Feds: landlord discriminates against African-American tenants
The United States Department of Justice has accused a local landlord of breaking federal housing law in the form of discriminating against African-American tenants.
William I. Cochran III owns or manages more than a dozen residences in Washington.
The DOJ filed a complaint last week, alleging that Cochran, among other things, verbally harassed African-American tenants with racial slurs and epithets, refused to perform or delayed performing maintenance on properties because the tenants are African-American, and threatened African-American tenants who requested maintenance or repairs.
NewsChannel 12 spoke with Cochran Wednesday outside one of the rental properties.

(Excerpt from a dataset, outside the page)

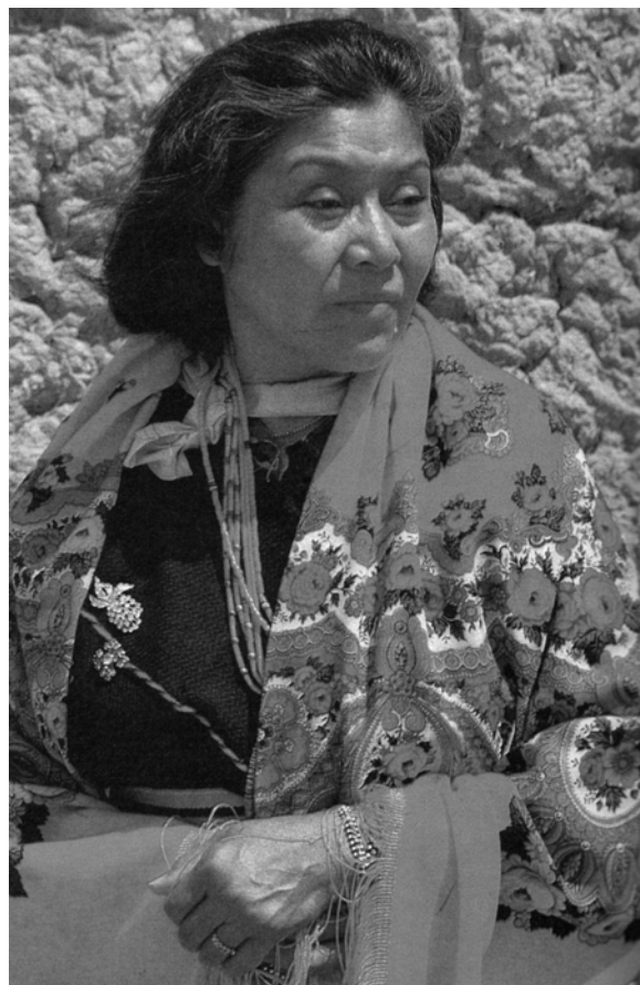
Жінки пуебло у сучасному вбранні

He denied the charges, and referred all questions to his lawyer.
"All of the allegations are absurd," Cochran's lawyer, Sonny McLawhorn, said.
McLawhorn said the DOJ hasn't provided any evidence to support the allegations against Cochran.
McLawhorn also detailed a previous complaint against Cochran investigated by North Carolina regulators; McLawhorn believes the person behind that complaint also made the tip that sparked the federal investigation.
Documents provided by McLawhorn show the state investigation concluded that Cochran did not engage in discriminatory behavior.
The documents could not be verified by the end of business.
A reporter on Wednesday went to a dozen of the rental properties Cochran either owns or manages.
The tenants had mixed reviews for Cochran.
Some said he's perfectly reasonable and have had no issues.
Others cited delays after submitting maintenance requests.
None of the tenants would speak on camera, out of fear of retaliation.